RECORDED INFORMATION
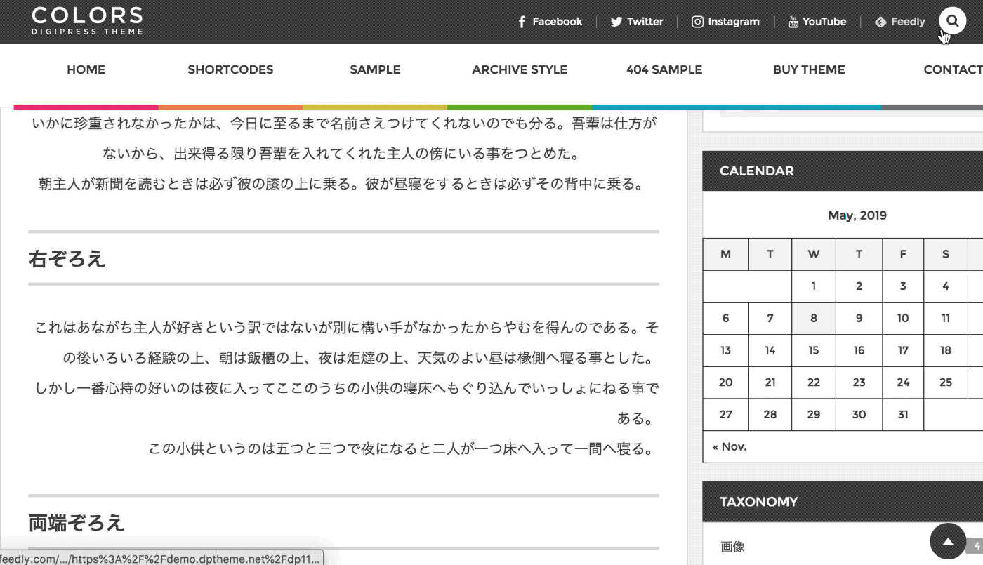 サイト上部に表示されるヘッダーバー内にもサイト内検索フォームを設置することができます。
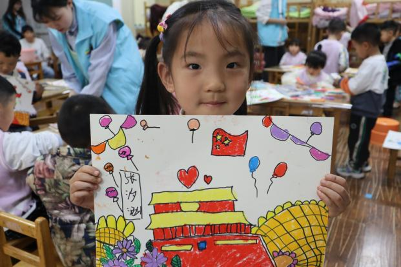 最后,志愿者们带领小朋友们用一笔一画描绘他们眼中的祖国,或勾勒出鲜艳的五星红旗,或画出雄伟的天安门,认真的脸庞、真挚的眼神都透露着他们对祖国的热爱、对未来的美好憧憬,通过小画笔传递着大情怀。
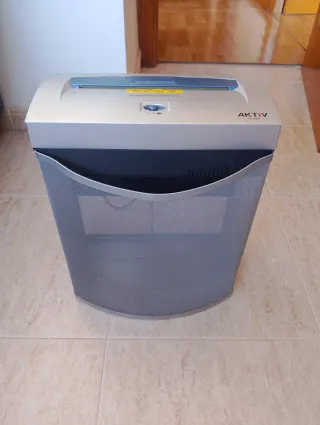 Trituradora de papel AKTIV con papelera de malla. - Diseño moderno en color plata y negro. - Papelera de malla gris. - Panel de control superior. - También tritura tarjetas Solo se ha usado para verificar que funciona Altura 40 cm

EXERCISE
Once the pictures have been removed, reproduce each line of the material above exactly.

EXERCISE OUTPUT
 サイト上部に表示されるヘッダーバー内にもサイト内検索フォームを設置することができます。
 最后,志愿者们带领小朋友们用一笔一画描绘他们眼中的祖国,或勾勒出鲜艳的五星红旗,或画出雄伟的天安门,认真的脸庞、真挚的眼神都透露着他们对祖国的热爱、对未来的美好憧憬,通过小画笔传递着大情怀。
 Trituradora de papel AKTIV con papelera de malla. - Diseño moderno en color plata y negro. - Papelera de malla gris. - Panel de control superior. - También tritura tarjetas Solo se ha usado para verificar que funciona Altura 40 cm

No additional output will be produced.